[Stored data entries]
- Opening Delimiter -

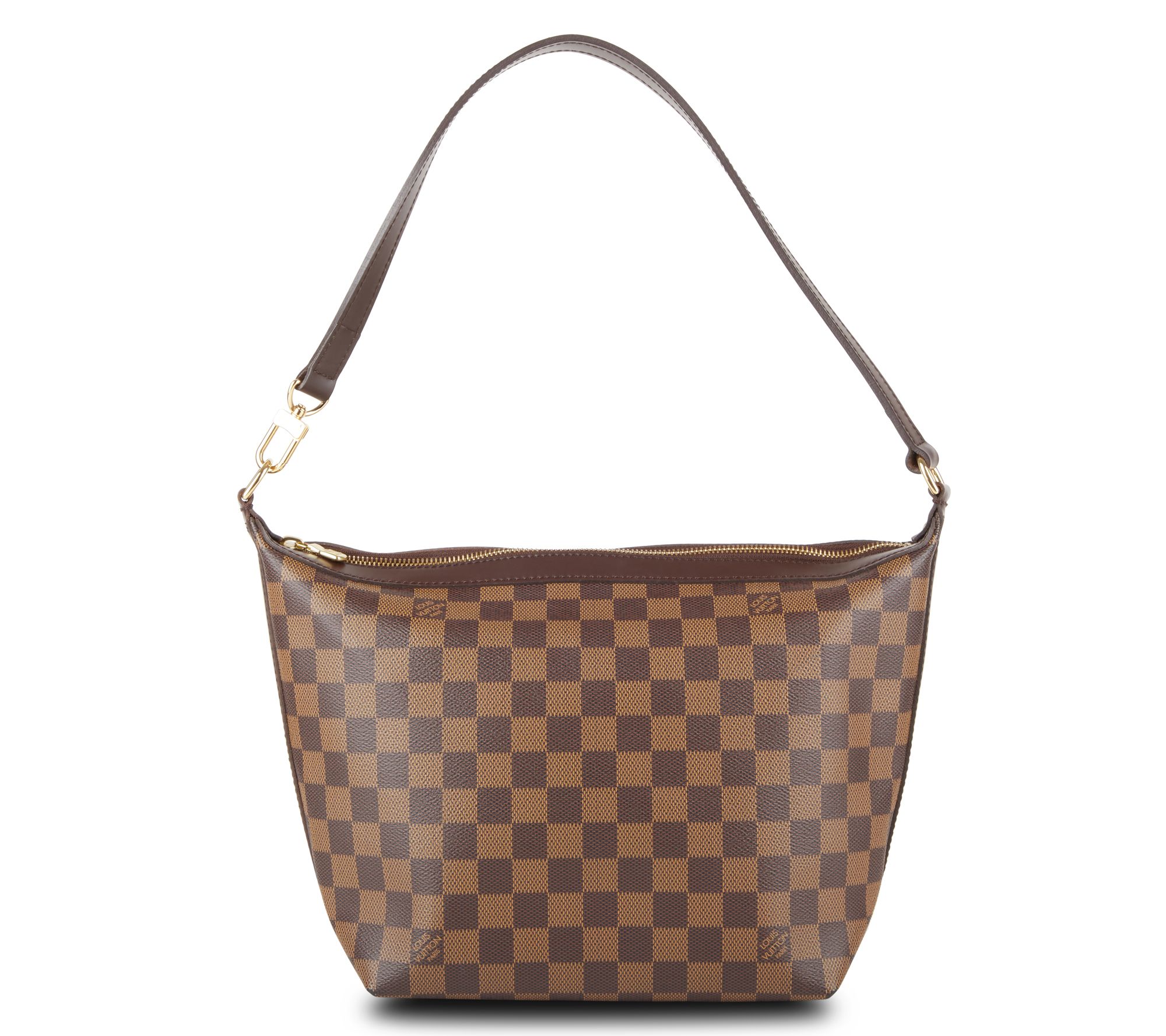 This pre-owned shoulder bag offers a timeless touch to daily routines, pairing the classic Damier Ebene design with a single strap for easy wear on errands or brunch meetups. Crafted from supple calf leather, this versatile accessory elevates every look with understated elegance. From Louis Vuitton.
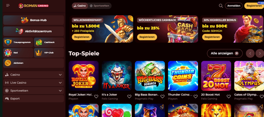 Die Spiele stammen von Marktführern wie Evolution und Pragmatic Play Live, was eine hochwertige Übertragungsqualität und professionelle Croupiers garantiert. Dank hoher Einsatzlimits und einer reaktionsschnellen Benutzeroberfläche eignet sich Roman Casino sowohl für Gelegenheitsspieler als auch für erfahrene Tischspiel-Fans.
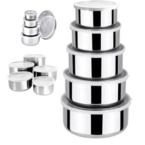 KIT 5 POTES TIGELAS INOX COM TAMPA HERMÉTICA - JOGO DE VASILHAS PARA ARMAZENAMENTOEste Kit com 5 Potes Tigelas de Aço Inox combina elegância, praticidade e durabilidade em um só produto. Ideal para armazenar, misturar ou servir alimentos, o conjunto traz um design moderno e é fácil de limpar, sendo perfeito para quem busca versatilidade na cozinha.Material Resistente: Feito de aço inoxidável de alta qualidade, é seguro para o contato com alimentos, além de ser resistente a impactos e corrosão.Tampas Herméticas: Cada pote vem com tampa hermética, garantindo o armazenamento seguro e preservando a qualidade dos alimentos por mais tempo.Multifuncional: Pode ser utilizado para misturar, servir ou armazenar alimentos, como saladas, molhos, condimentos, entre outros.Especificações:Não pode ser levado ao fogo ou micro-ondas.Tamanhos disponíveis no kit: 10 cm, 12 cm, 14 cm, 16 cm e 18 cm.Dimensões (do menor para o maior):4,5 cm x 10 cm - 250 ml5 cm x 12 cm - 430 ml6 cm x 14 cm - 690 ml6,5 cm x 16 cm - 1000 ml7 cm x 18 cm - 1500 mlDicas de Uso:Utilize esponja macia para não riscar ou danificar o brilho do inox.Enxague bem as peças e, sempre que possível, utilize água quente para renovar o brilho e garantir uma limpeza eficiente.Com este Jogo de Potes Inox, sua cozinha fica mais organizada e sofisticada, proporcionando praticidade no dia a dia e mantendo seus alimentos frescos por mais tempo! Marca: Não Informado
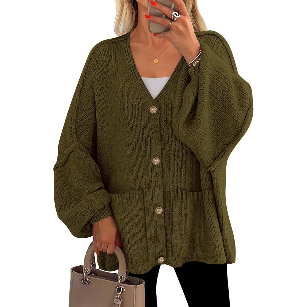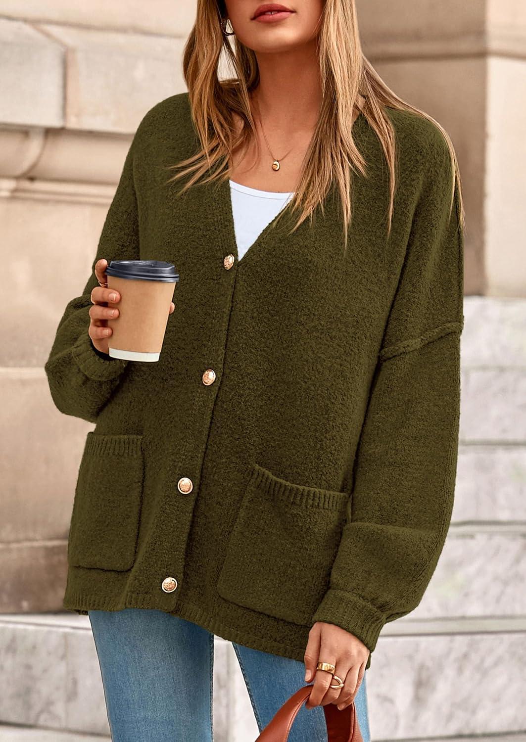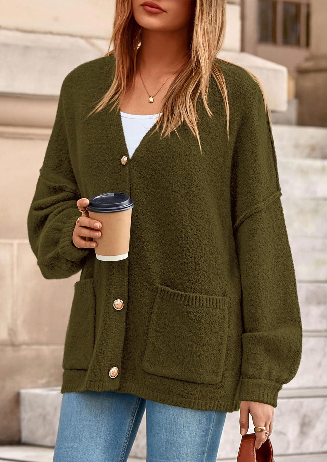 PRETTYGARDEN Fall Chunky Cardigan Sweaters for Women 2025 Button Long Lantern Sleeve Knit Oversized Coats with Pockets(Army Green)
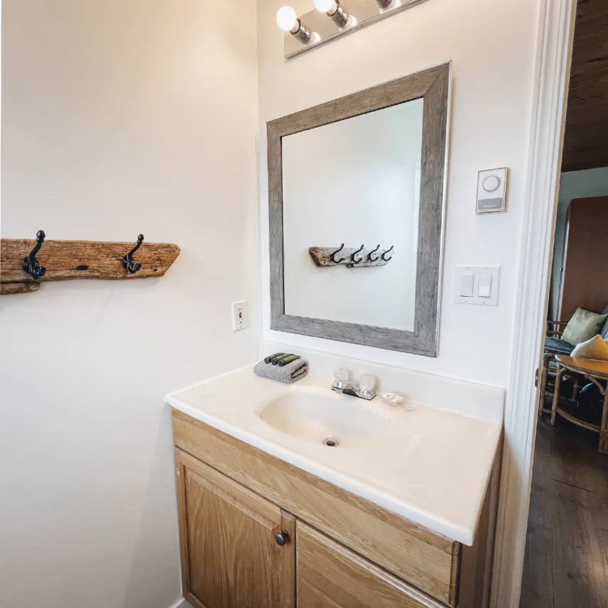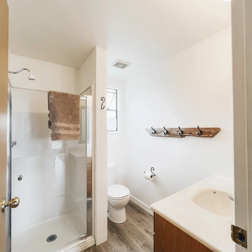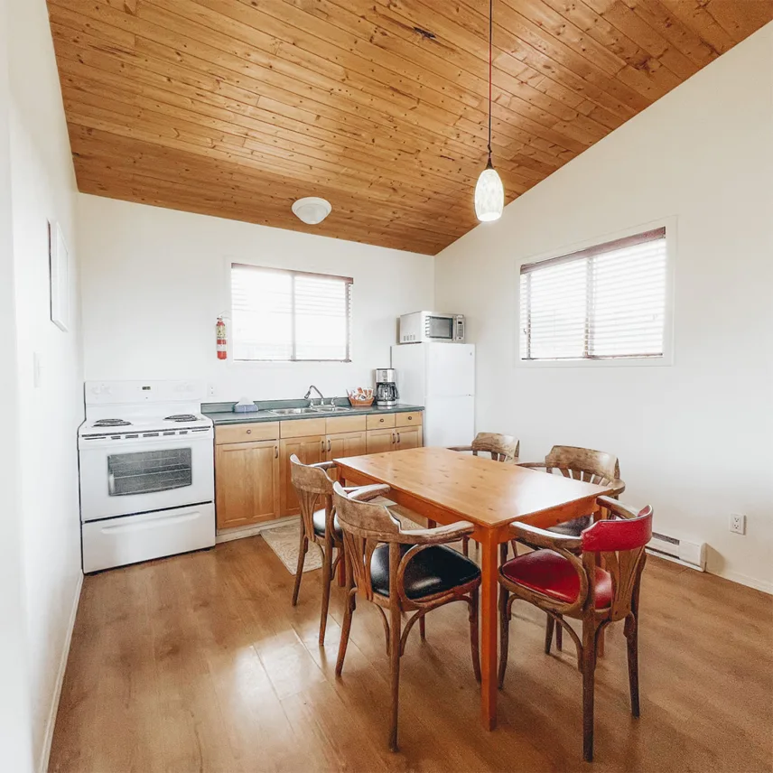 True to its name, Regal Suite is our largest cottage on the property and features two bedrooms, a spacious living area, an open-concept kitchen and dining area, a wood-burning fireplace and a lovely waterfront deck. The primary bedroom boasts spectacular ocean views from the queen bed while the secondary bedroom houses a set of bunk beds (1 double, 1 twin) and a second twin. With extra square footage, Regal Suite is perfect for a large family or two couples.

- Closing Delimiter -

REQUIRED ACTION:
From the line with "PRETTYGARDEN Fall Chunky" down to the final line of the entries above, repeat each line exactly; omit the pictures.

RESULT FOR THIS TASK:
 PRETTYGARDEN Fall Chunky Cardigan Sweaters for Women 2025 Button Long Lantern Sleeve Knit Oversized Coats with Pockets(Army Green)
 True to its name, Regal Suite is our largest cottage on the property and features two bedrooms, a spacious living area, an open-concept kitchen and dining area, a wood-burning fireplace and a lovely waterfront deck. The primary bedroom boasts spectacular ocean views from the queen bed while the secondary bedroom houses a set of bunk beds (1 double, 1 twin) and a second twin. With extra square footage, Regal Suite is perfect for a large family or two couples.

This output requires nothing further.